- [The task]
Reproduce exactly, with no pictures, each line from the opening of the material down through the line containing "ГДЗ по алгебре".

- [Dataset extract]
________________________

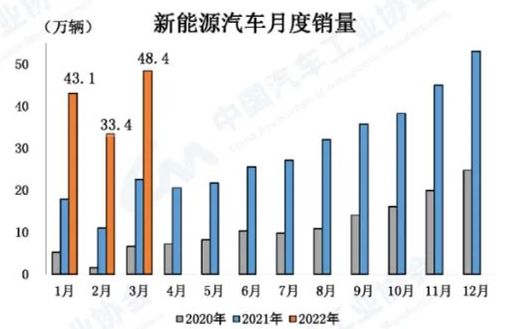 新能源汽車同比繼續保持高速增長 3月,新能源汽車產銷分別完成46.5萬輛和48.4萬輛,同比均增長1.1倍。1-3月,新能源汽車產銷分別完成129.3萬輛和125.7萬輛,同比均增長1.4倍。
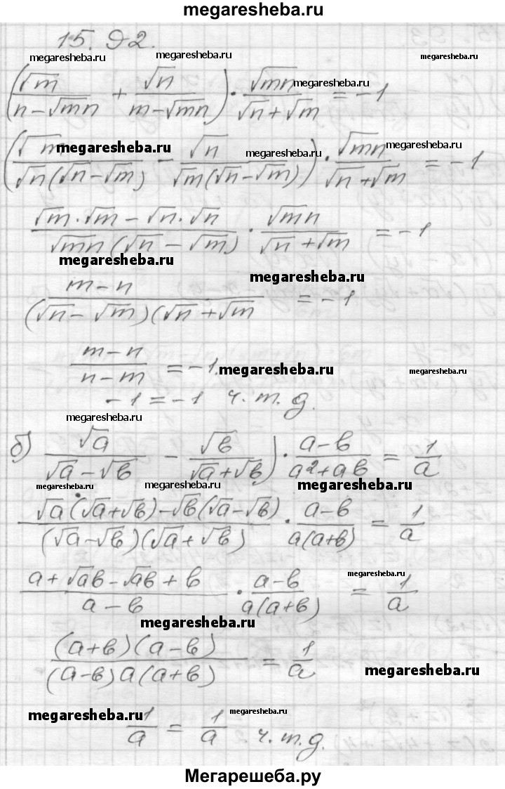 ГДЗ по алгебре 8 класс Мордкович Учебник, Задачник Базовый уровень §15 - 15.92
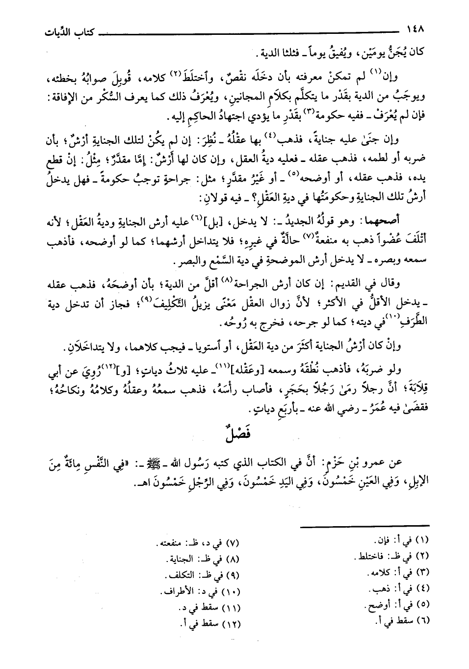 عن عمرو بن حزمٍ: أن في الكتاب الذي كتبه رسول الله - صلى الله عليه وسلم -:"في النفس مائة من الإبل، وفي العين خمسون، وفي اليد خمسون، وفي الرجل خمسون أهـ
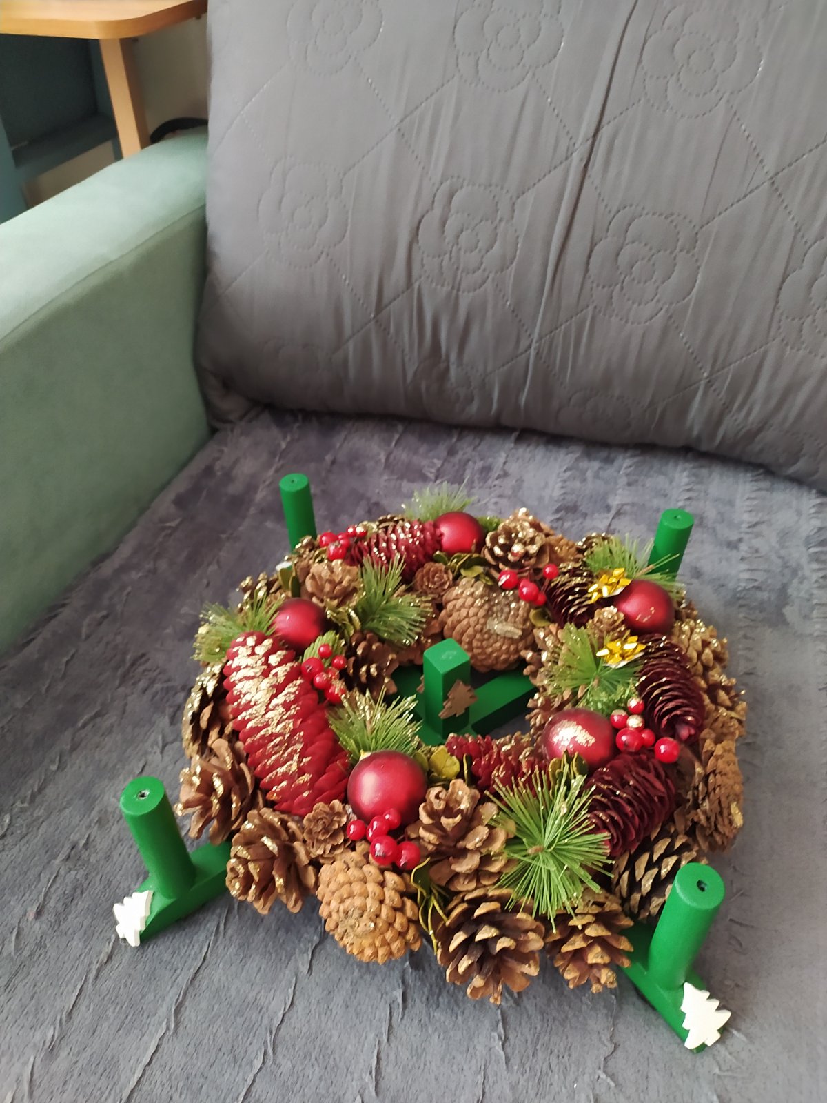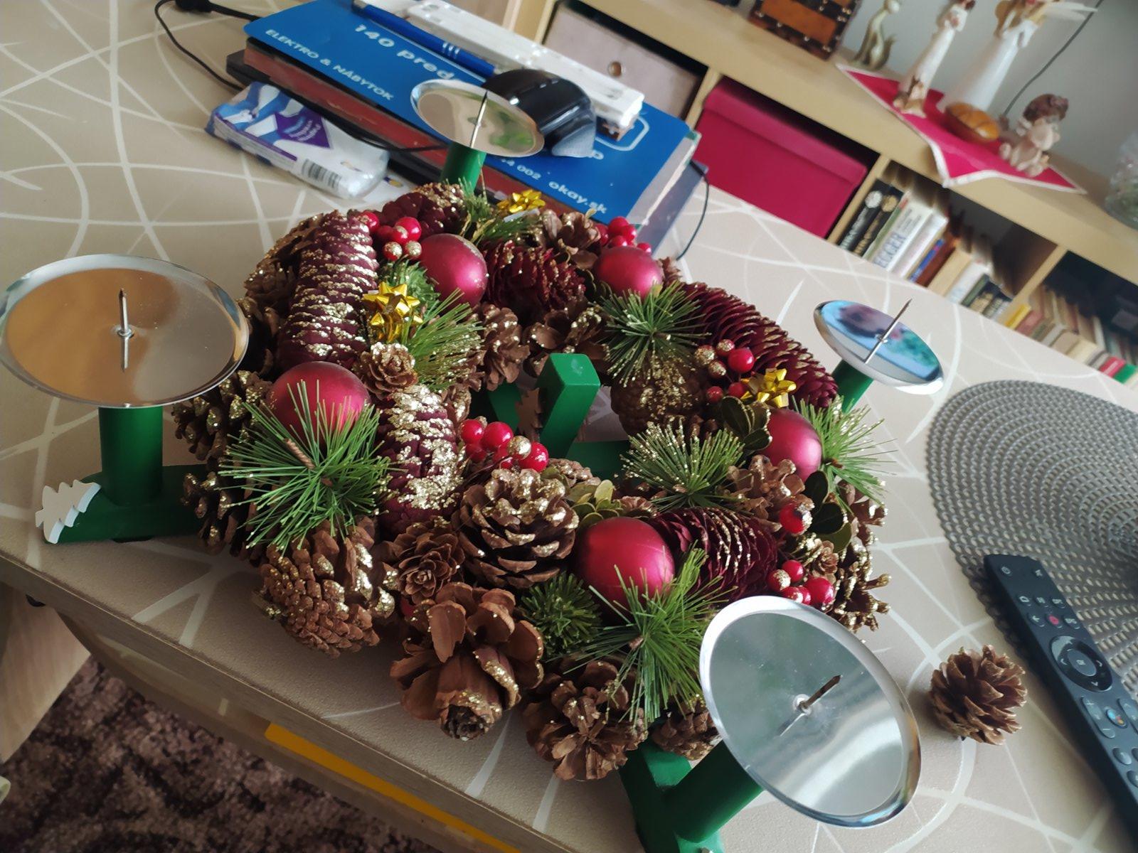 Mužova práca -stojan na vianočný veniec .Zdarma pridam aj zapichovatka na sviečky čo idu po bokoch .Foto ako to vyzeralo -

________________________

- [Task output]
 新能源汽車同比繼續保持高速增長 3月,新能源汽車產銷分別完成46.5萬輛和48.4萬輛,同比均增長1.1倍。1-3月,新能源汽車產銷分別完成129.3萬輛和125.7萬輛,同比均增長1.4倍。
 ГДЗ по алгебре 8 класс Мордкович Учебник, Задачник Базовый уровень §15 - 15.92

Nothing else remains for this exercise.